Fan Liu is currently a professor of Hohai University. He received his B.S. degree of networking and Ph.D. degree of technology for computer applications from Nanjing University of Science and Technology (NUST) in 2009 and 2015. From September 2008 to December 2008, he studied at Ajou University in South Korea. From February 2014 to May 2014, he worked at Microsoft Research Asia. His research interests include computer vision, pattern recognition, and machine learning. Dr. Liu also serves as a reviewer of IEEE TNNLS, IEEE TKDE, ACM TIST, Information Sciences, Neurocomputing, Pattern Analysis and Application.
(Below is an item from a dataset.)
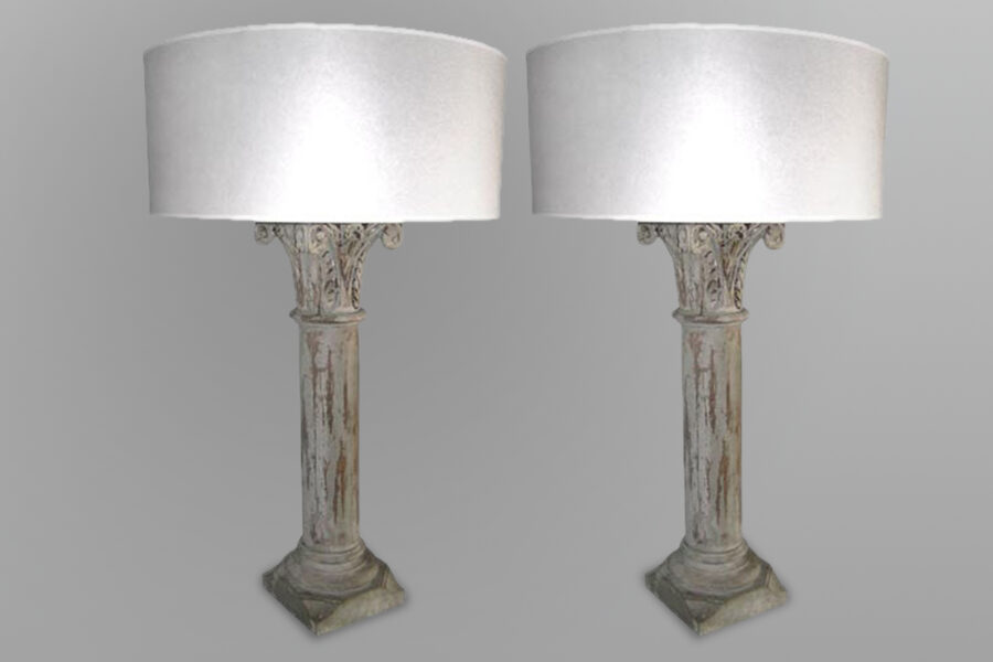 Pair of Carved Wooden Lamps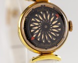 Vintage Donna Gruen Placcata Oro Mano-Avvolgimento Art Deco Orologio W/ Pelle

Prof. Grienggrai Rajchakit
Maejo University, Thailand

Grienggrai Rajchakit was born in 1981. He received the B.S. (Mathematics), Thammasat University, Bangkok, Thailand, in 2003. He received the M.S. (Applied Mathematics), Chiangmai University, Chiangmai, Thailand, in 2005. He was awarded a Ph.D. (Applied Mathematics), King Mongkut’s University of Technology Thonburi, Bangkok, Thailand, in the field of mathematics with specialized area of stability and control of neural networks. Currently, he is working as a lecturer at Department of Mathematics, Faculty of Science, Maejo University, Chiang Mai, Thailand. He was the recipient of Thailand Frontier author Award by Thomson Reuters Web of Science in the year 2016 and TRF-OHEC-Scopus Researcher Awards by The Thailand Research Fund (TRF), Office of the Higher Education Commission (OHEC) and Scopus in the year 2016. His research interests are complex-valued NNs, complex dynamical networks, control theory, stability analysis, sampled-data control, multi-agent systems, T-S fuzzy theory, and cryptography, etc. Dr. Grienggrai Rajchakit serves as a reviewer for various SCI journals. He has authored and co-authored more than 149 research articles in various SCI journals.

Prof. Yaohua Wang
National University of Defense Technology, China

Yaohua Wang is a Professor and PhD advisor in the School of Computer Science of National University of Defense Technology. He was a Visiting Professor of ETHZ (2016-2017).His current research interests include computer architecture, compiler, and memory subsystem. He has published in prestigious conferences (such as ISCA(2018,2021), MICRO(2018, 2020), HPCA(2013), CVPR(2020), and DAC(2022)) and top-tier journals (such as IEEE TC(2018), IEEE TPDS(2021), and IEEE TCAD(2020)). His research received Best Paper Award at IEEE CAL 2012.

Dr. Van Thanh Huynh
Deakin University, Australia

Dr. Van Thanh Huynh is an early career researcher and lecturer at Deakin University. He received his PhD degree in robotics and control systems in 2019. Leveraging the nexus of applied mathematics and engineering, he is inspired to develop enabling technologies and engineering methodologies that assist in efficiently and effectively solving robotic, interdisciplinary, and science-driven problems. He has published in prestigious journals, including SIAM Journal on Control and Optimization, IEEE Transactions on Circuits and Systems, IEEE Systems Journal, etc. His research is recognised with Deakin University awards. He has successfully attracted competitive funding from both industry and not-for-profit organisations.